Faster Xarray Quantile Computations with Dask

There have been a number of engineering improvements to Dask Array like consistent chunksizes in Xarray rolling-constructs and improved efficiency in map_overlap. Notably, as of Dask version 2024.11.2, calculating quantiles is much faster and more reliable.

Calculating Quantiles with Xarray

Calculating quantiles is a common operation for geospatial data. Quantiles show how a dataset is distributed over time, allowing you to identify trends, anomalies, and variation within specific grid cells or regions. These calculations are typically performed either for distinct groups within the dataset or across the dataset as a whole.
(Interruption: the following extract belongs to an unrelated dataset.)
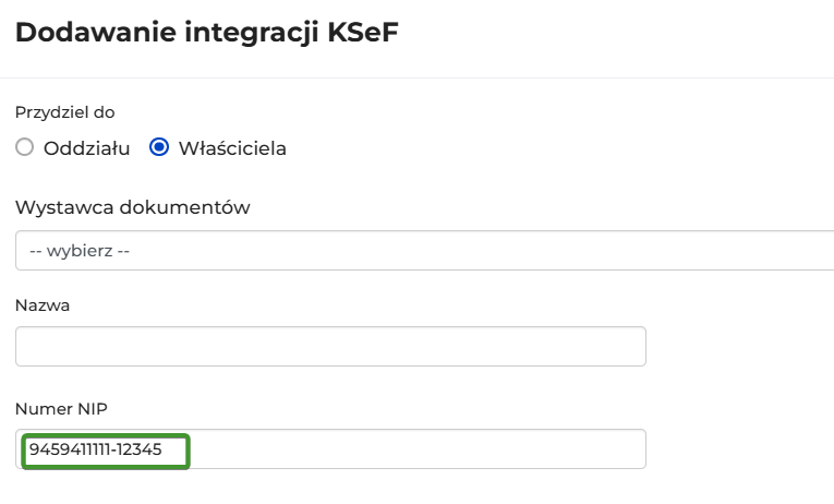 Podczas dodawania integracji KSeF w SON, w polu, w którym standardowo wpisuje się NIP, należy wpisać pełny identyfikator wewnętrzny (NIP + myślnik + cyfry), a nie sam NIP właściciela.

The Problem: np.quantile Can Be Slow

The data we often encounter typically has a relatively short time axis, consisting of only a few hundred to a few thousand values, while the latitude and longitude dimensions are extensive.

Previously, the quantile calculation for every coordinate was done on a pretty small array with the NumPy implementation np.quantile or np.nanquantile:

import numpy as np

np.quantile(np.random.randn(500), q=0.5)

Dask lacked an efficient efficient multidimensional implementation for calculating quantiles, which meant calling the one-dimensional NumPy implementation millions of times in Python. This is very slow and also blocks the GIL (looking forward to a free-threaded Python world 😅). This caused large slowdowns on workers with more than one thread and could lead to runtimes over 200s per chunk.

Running the following computation previously took over 3 minutes to complete:

import xarray as xr
import dask.array as da

arr = da.random.random((50, 3_000, 3_000), chunks=(-1, "auto", "auto"))

darr = xr.DataArray(
    arr, dims=["time", "x", "y"]
)

darr.quantile(dim="time", q=0.75).compute()

Computing quantiles used to be painfully slow. The computation takes ~3 minutes to complete.

The Solution: A New dask.array.quantile

As of dask=2024.11.2, we've added a high-level quantile API to Dask that uses top level NumPy functions to extract the quantile for each time slice. The operations are more expensive than an optimal quantile implementation, but the vectorized, multidimensional nature of each call makes it a lot faster in aggregate. And we don't block the GIL anymore, so you can run with proper parallelism on your Dask workers.

Using the new implementation, this same microbenchmark takes ~9 seconds, a 20x speedup.

The new quantile implementation reduces runtime to ~1s per chunk, independent of the number of threads. This means we're able to calculate quantiles hundreds of times faster than before! You can expect the speedups to scale with the size of your quantile axis.